Robert G. Bell, Ph.D. is president and owner of Drug and Biotechnology Development LLC, a consultancy to the pharmaceutical industry and academia for biological, drug, and device development.
I have been involved with biologics development and production for many years and have participated in numerous global scientific and regulatory discussions over the last 17 years regarding the development of biosimilars. Europe, as well many countries throughout the world, has set a model that the United States should emulate regarding the development and registration of biosimilars. Europe has produced over 20 biosimilar- and product-specific guidelines and approved multiple biosimilar products that include epoetin alfa and zeta, filgrastim, somatropin, and the Committee for Medicinal Products for Human Use has recommended approval for the first monoclonal antibody (infliximab). India has over 30 biosimilars that include EMA approvals for vaccines, insulins, PEG-filgrastim, and rituximab. In contrast, the United States has no approved biosimilars under the 351(k) submission process and only several biosimilar guidelines in draft form.

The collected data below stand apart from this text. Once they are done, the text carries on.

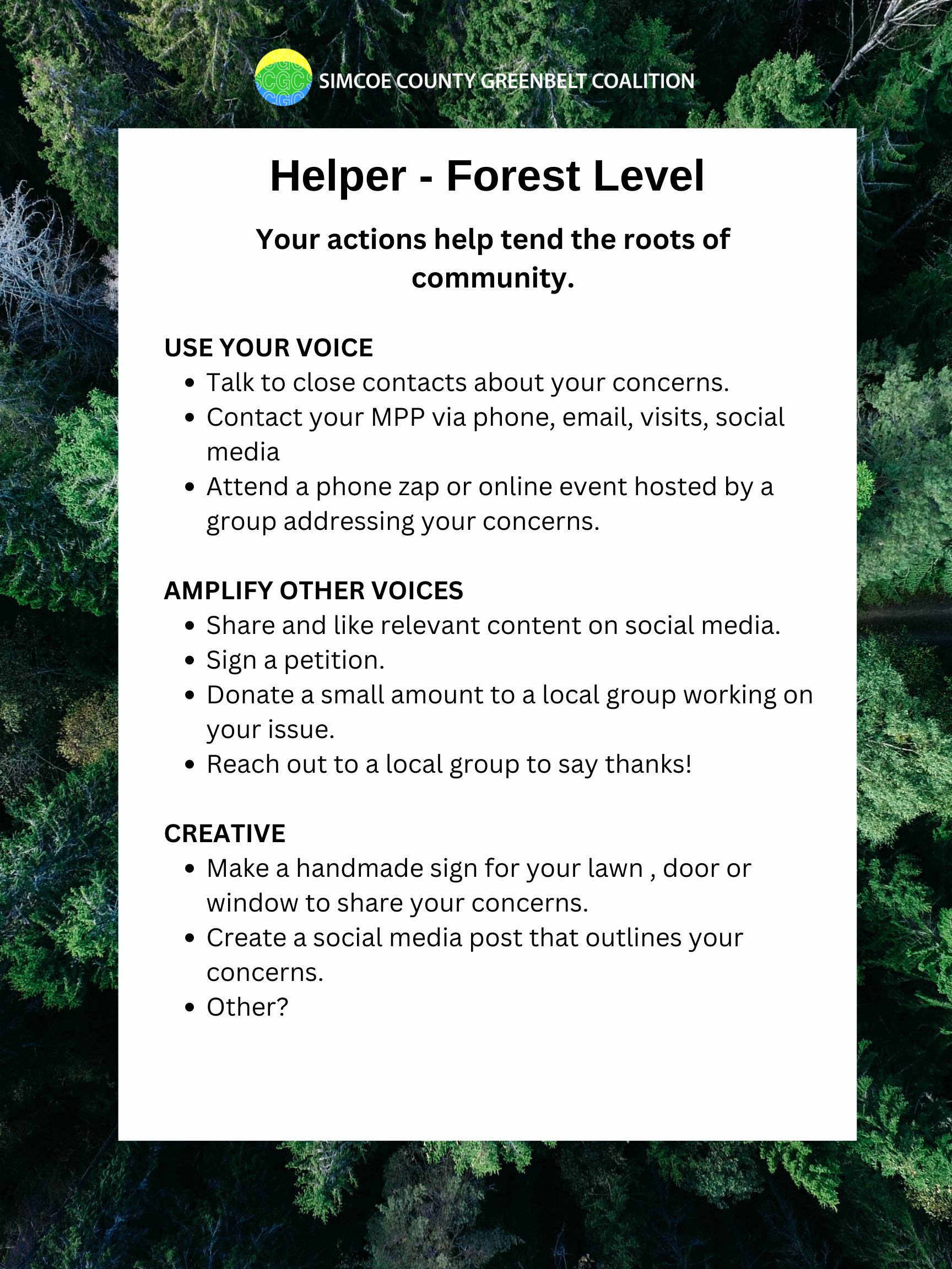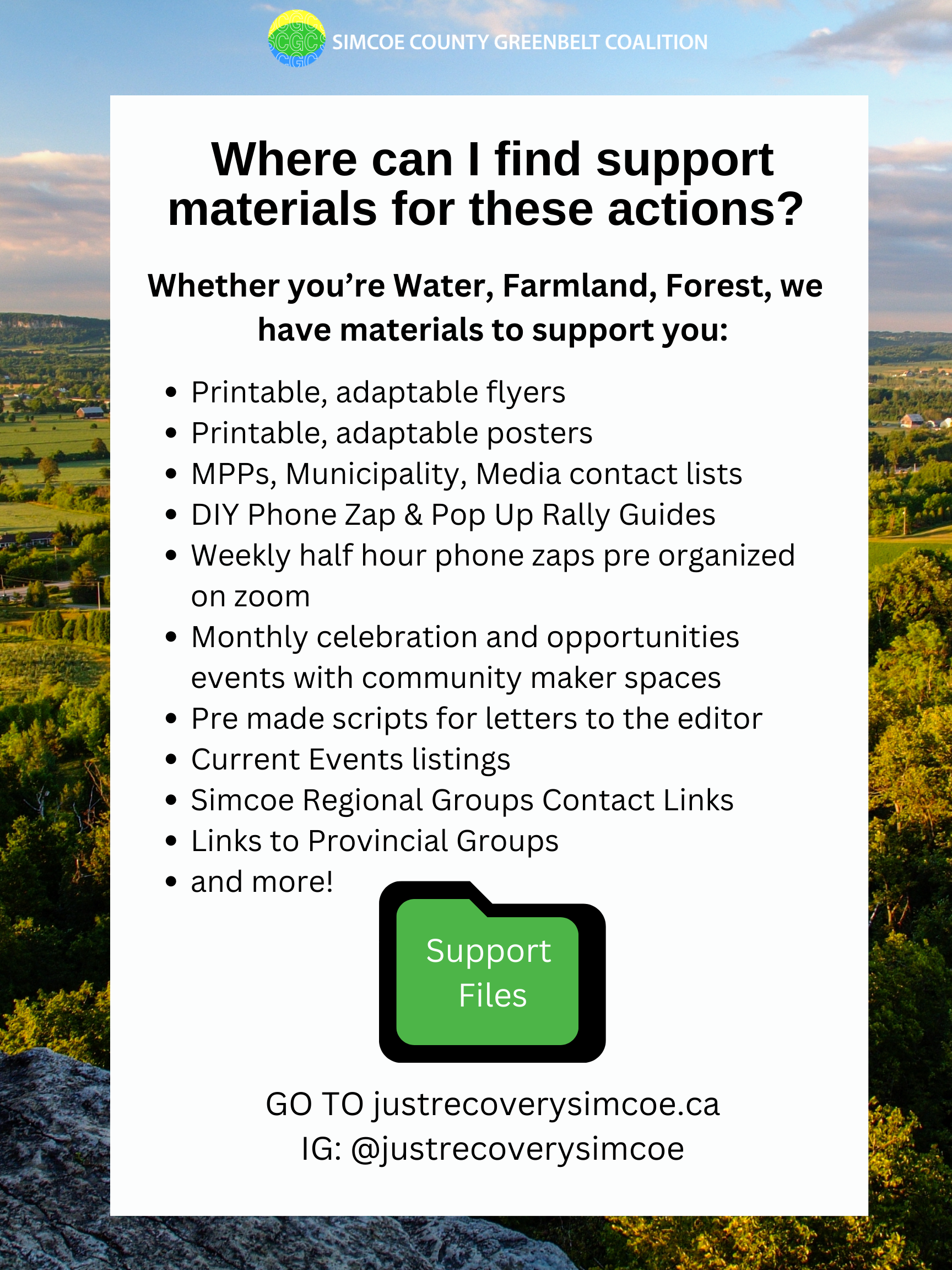 Any questions concerns or comments please contact margaret@simcoecountygreenbelt.ca or info@justrecoverysimcoe.ca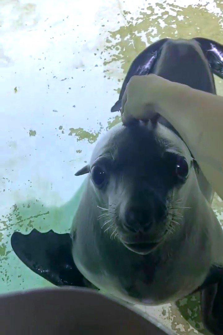 只見影片中一隻海獅正睜著水汪汪的大眼睛看向鏡頭,這時飼育員就伸出手、看似要摸牠的頭又像是要幫牠抓抓癢,而海獅雖然可能不知道飼育員在幹嘛,但也相當乖順地看著對方...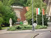 The present sculpture is the work of Miklós Borsos and was erected in 1975. The first official monument, a Madonna statue by Eugene Kormendi had been set up at this spot in 1932, but was destroyed in World War II.[1] A second sculpture, depicting a worker, was in place from 1953 until its replacement by the current one.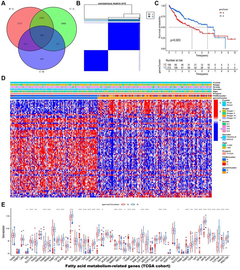 With an adjusted p-value of 0.001, we identified DEGs among different FAM clusters by the “limma” package in R. By using the “clusterprofiler” R package, we performed functional enrichment analyses on the DEGs to determine their potential functions and pathways. Furthermore, by using a method of unsupervised clustering based prognostic DEGs expression, HCC samples were classified into different clusters (FAM gene cluster D and FAM gene cluster E) for deeper analysis.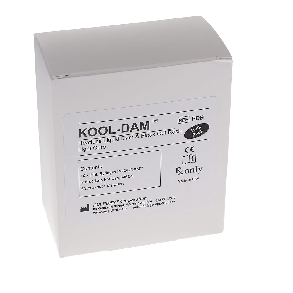 Kool Dam - Bulk Kit - Light Cured Heatless Liquid Dam Material for Protecting Gingivae. Kit Contains: 10 - 3 mL Syringes. Applied on tooth surface and gums for intraoral protection. High adaptability even in the presence of moisture. Remains cool for patient comfort. Outstanding tear-resistance for easy removal. Kool-Dam Heatless Liquid Dam and Block-out Resin provide needed intraoral protection to the tooth surface and gingiva before bleaching, sandblasting, and other dental procedures. Kool-Dam adapts well in a moist oral environment and remains in place.It supports perfectly even stacking, blocking undercuts before impression taking.The fast light cure property allows it to stay cool after curing for increased patient comfort and convenience.Kool-Dam is resistant to tear for effortless removal and lasting flexibility post-curing. Its unique composition results in adherence to models for bleaching trays.Each Kool Dam Bulk Pack 10 (3 ml) Syringes.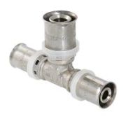 Данный соединительный элемент представляет собой пресс-тройник, предназначенный для современных трубопроводных систем. Конструкция разработана для надежного и быстрого монтажа методом прессования, обеспечивающего долговечное герметичное соединение.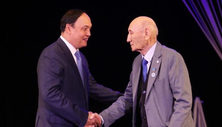 Ербол Қарашөкеев мерейтой иесінің иығына шапан жауып, жамбылдықтардың атынан құрмет көрсетті.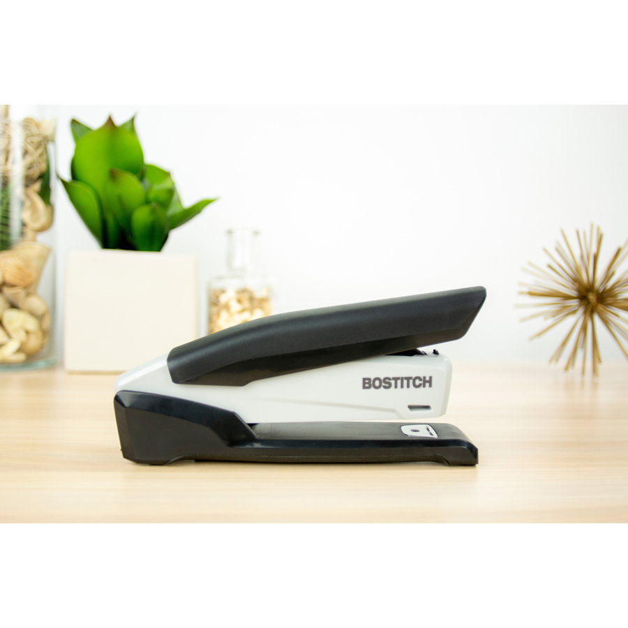Bostitch EcoStapler Spring-Powered Antimicrobial Desktop Stapler – 20 of 30lb Paper Sheets Capacity – 210 Staple Capacity – Full Strip – 1/4″ Staple Size – Gray, Black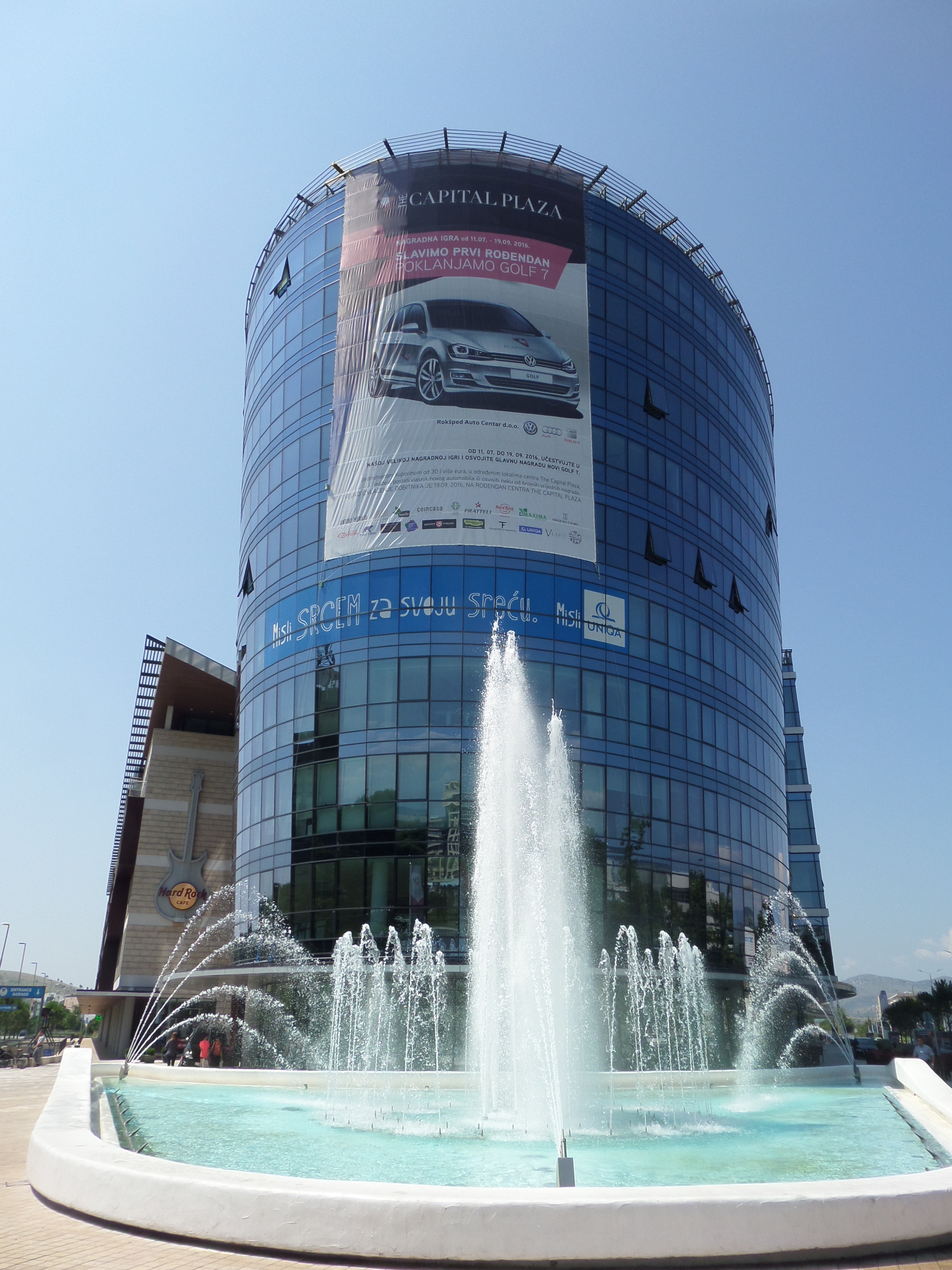 En rejäl fontän framför Atlas Capital Centar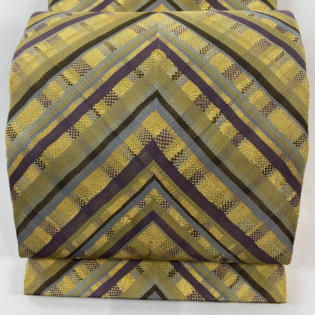 > 【美品】 袋帯 秀品 幾何学模様 金糸 金色 全通 正絹 【中古】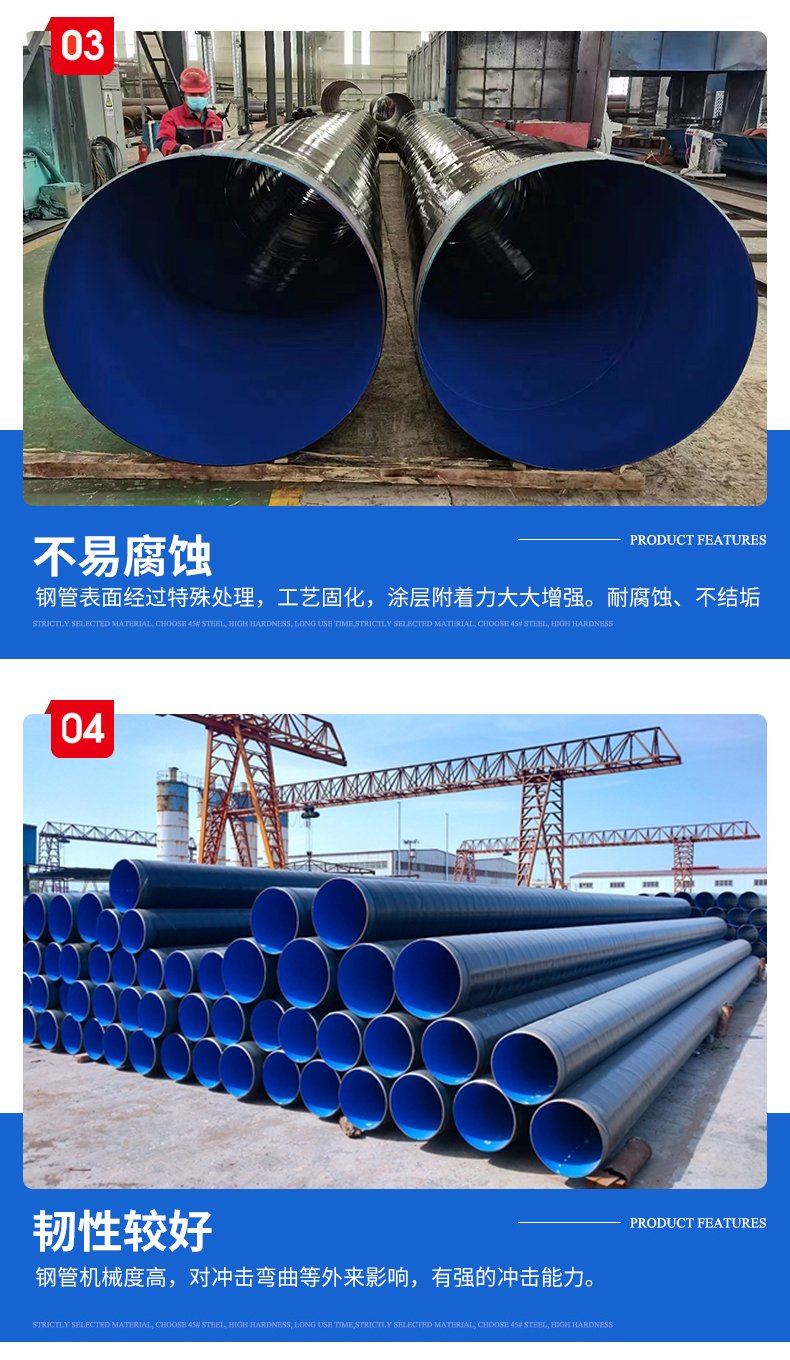 2. **耐磨性**:內層的環氧樹脂塗層具有良好的耐磨性能,可以減少管道內部的磨損,延長使用壽命。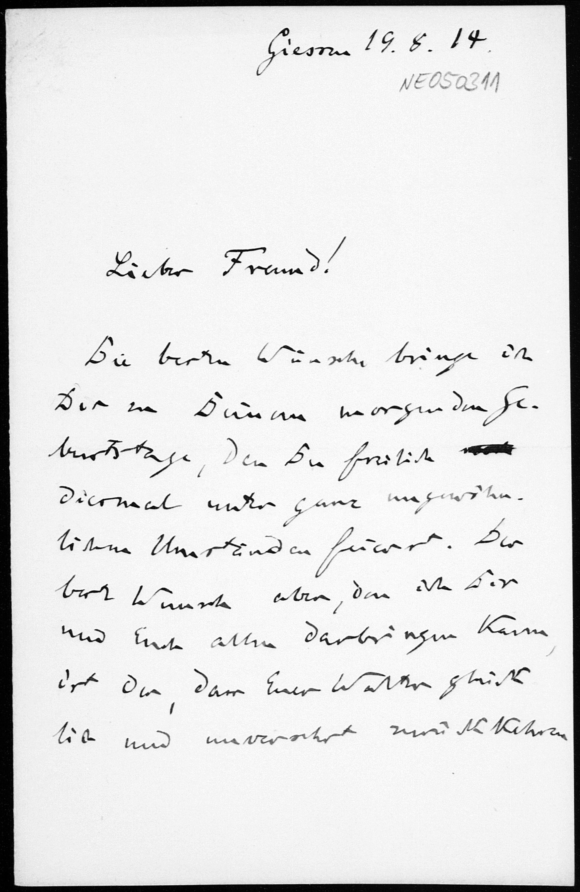 Brief von Friedrich Engel an Paul Stäckel vom 19.8.1914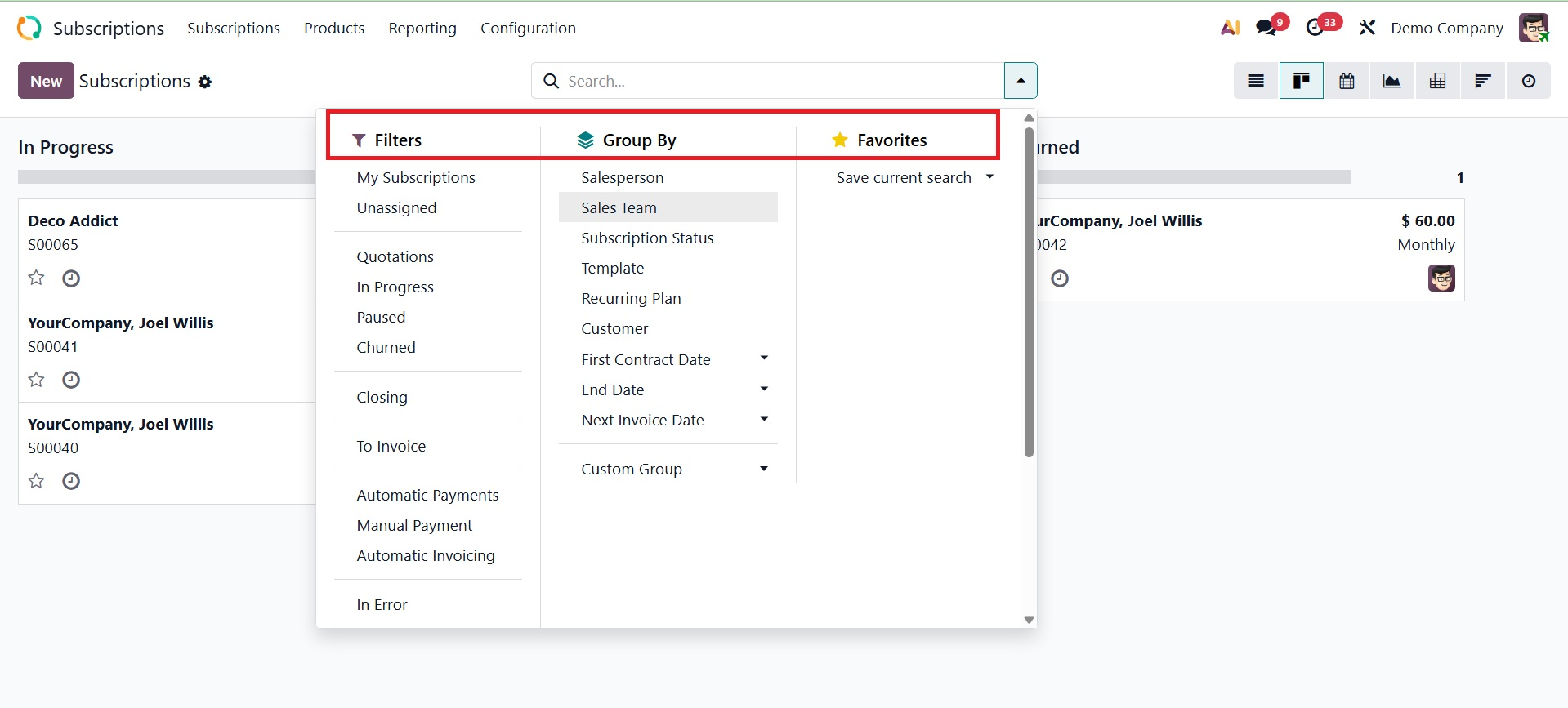 There are several filters available, including My subscription, Unassigned, Quotations, In progress, paused, churned, closing, to invoice, automatic payment, manual payment, automatic invoicing, and in error. The Group By option, which offers choices for Salesperson, Sales Team, Subscription status, Template, recurring plan, Customer, first contract date, End Date, Next Invoice Date, and Custom Group, respectively. You can also include them into favourites if required.
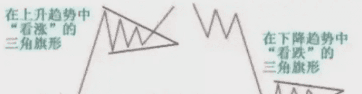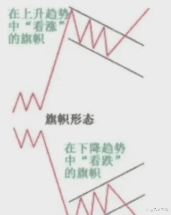 2. Las señales bajistas se componen de máximos más altos y mínimos más altos. La "bandera del mercado bajista" también tiene una inclinación de tendencia opuesta. Sus líneas de tendencia también son paralelas. El triángulo de bandera se parece mucho a un triángulo simétrico, pero el patrón de triángulo de bandera generalmente tiene menor volatilidad y duración, el volumen generalmente se contrae durante el estancamiento y se expande al romper.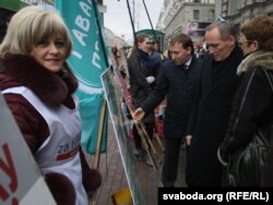 А галоўнымі героямі імпрэзы каля ГУМа былі зьбіральнікі подпісаў, якім кандыдаты дзякавалі за працу, уручалі падарункі і граматы. Сябра ініцыятыўнай групы Някляева Алег Ладуцька кажа, што зьбіўся зь ліку, колькі подпісаў сабраў: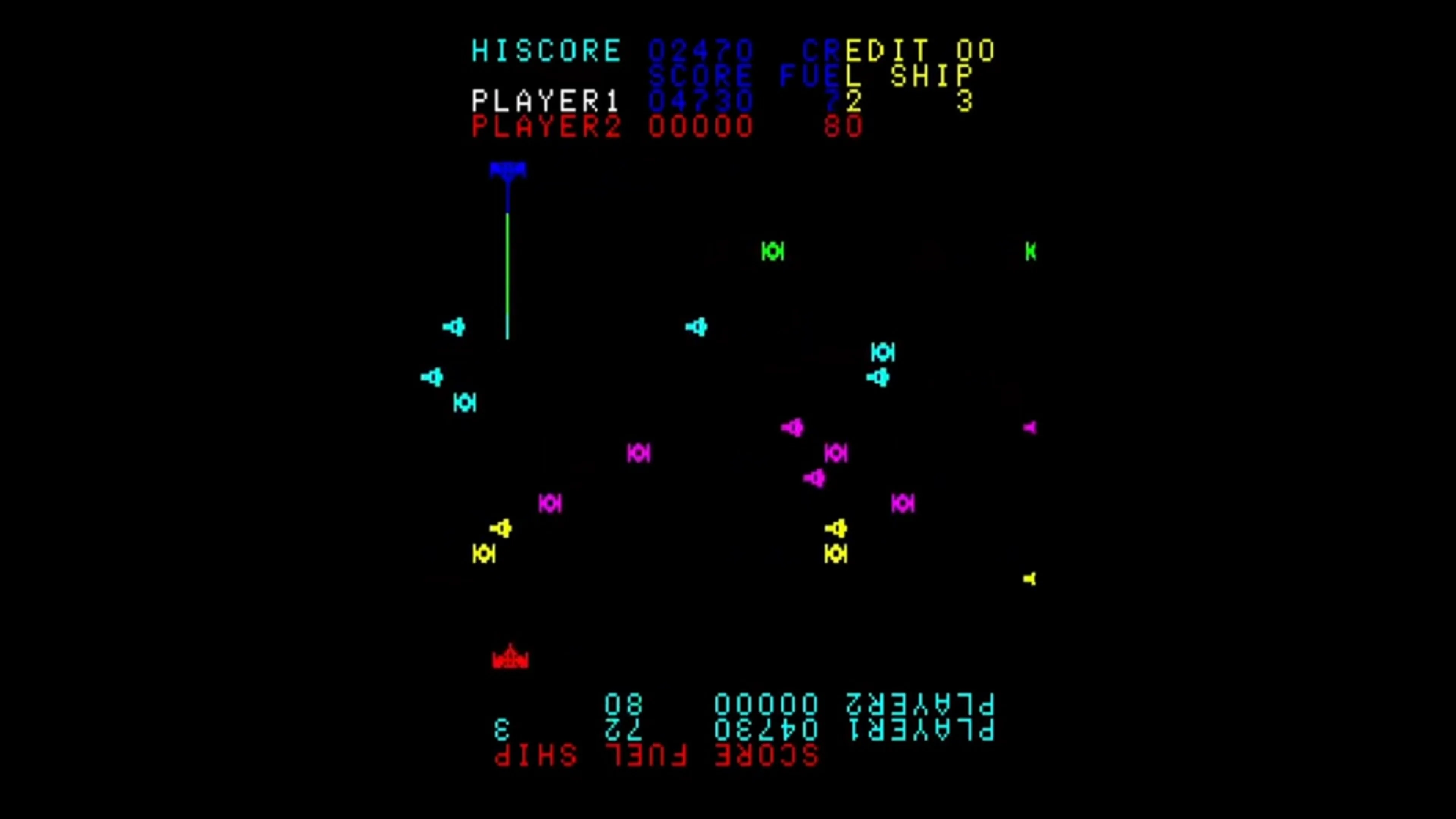 Intruder is an arcade game originally released by Konami as Space War. It is a one-on-one spaceship combat game with each player controlling a ship at the top or bottom of the screen. Between the players is a stream of innocent space ship traffic limiting the possibility of getting a clean shot. When your fuel reaches a high number (like 75 or so) your laser will reach the other side of the screen to get your opponent. Once you fire your laser your fuel drops sharply and you must wait for it to build before you can shoot at your opponent again. Space War is Konami's first known original video game design. It was licensed by Taito, who released it as Space Laser (in Europe), and by Game Plan, who released it as Intruder (in North America).

With many more Americans providing their own health insurance, the cost of life-saving affordable biosimilar biologics becomes an immediate need in the U.S. health care system. Mutual recognition by the FDA of the approved EMA biosimilar registrations would facilitate making these therapies available to millions of Americans. The EMA-approved biosimilars have undergone the appropriate comparability testing that demonstrates that these products are safe and efficacious and have been administered to millions of patients. In addition, it will reduce unnecessary animal and human testing and lessen the environmental impact. User fees would still be collected by the FDA and the appropriate regulatory reviews and preapproval inspections conducted. Instead of being years behind, we could jump start the U.S. health care’s biosimilars initiative by mutually recognizing the EMA approved biosimilars and allowing the previously generated data in the EMA biosimilars registrations to be the basis for a U.S. biosimilars approval.